Основой взаимосвязи этих движений является именно противопоставление центра и периферии; тело, таким образом, мыслится как система циркулирующих силовых потоков (Бёме называет их духами, а также качествами), благодаря соотнесению которых задается различие между «вне» и «внутри». Каждое тело «круговращается» и тем самым формообразует («воображает») свой собственный центр.

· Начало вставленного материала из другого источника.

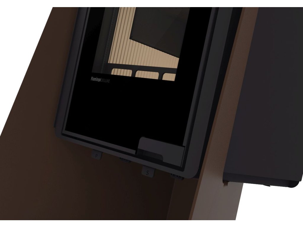 Krbová kamna FLAMINGO DELUXE ® ISLAND s jmenovitým výkonem 9 kW v sametově hnědé barvě, mají mnoho nadstandardních doplňků. Inovativní prvky směřují především ke zlepšení obsluhy krbových kamen. Tato nadčasová kamna jsou moderní, účinná a s designem, který jinde nenajdete.

Эксперименты с языком, представленные в этимологизации, носят не иллюстративный, а демонстративный характер: пределы смысла слова непосредственно очерчиваются цепочкой этимологических метаморфоз.

«Qual (мучение, мука) — Quelle (источник) — quellen (течь, литься) — Quallitaet (качество) — Quallung (качествование)»; «verstehen (понимать) — Verstand (рассудок) — Urstand (букв. — первостояние)», «Vorsatz (замысел) — Fuersatz (полагание для…)», «Nichts (ничто) — Ichts (нечто как самость, в противоположность Etwas)», «Imaginatio (воображение) — Magie (магия) — moegen (мочь, быть способным)»; «schoepfen (творить) — erschoepfen (истощать, исчерпывать)»

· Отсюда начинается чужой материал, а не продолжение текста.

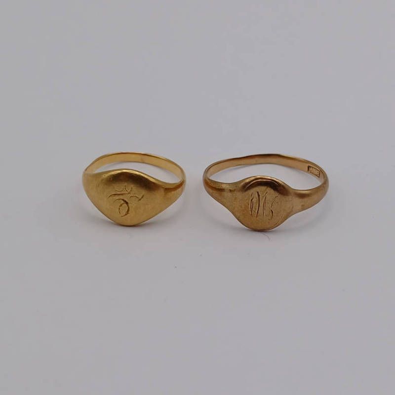 2 gold signet rings - 4.3g, both miss shapen

Нам следует вспомнить об упомянутом первом человеке — Адаме Кадмоне, теле, представляющем космос, а не отдельное живое существо. В этом дискурсе бёмевское «sich» ярко маркирует всевозможные акты, в которых существо посредством тела выражает себя как отношение внутри бытия, то есть изначально имманентное. Тесная связь внутренней структуры определенной телесной практики и смысловой структуры порождаемой в процессе этой практики системы знаков особенно ярко демонстрируется Бёме в попытках семантизации звучания слова через выявление и описание различных фаз артикуляции той или иной звуковой последовательности с помощью речевых органов. В этих поисках Бёме стремился найти слова, чья интерпретация раскроет интенцию к описанию, структурной моделяции и демонстрации предмета, с которым оно соотносится, в речевом акте или, другими словами, процессе говорения, произнесения, движения губ. Тело идентифицируется с буквой, а динамика артикуляции становится изображением этого слова, форме присутствия семантики в мире.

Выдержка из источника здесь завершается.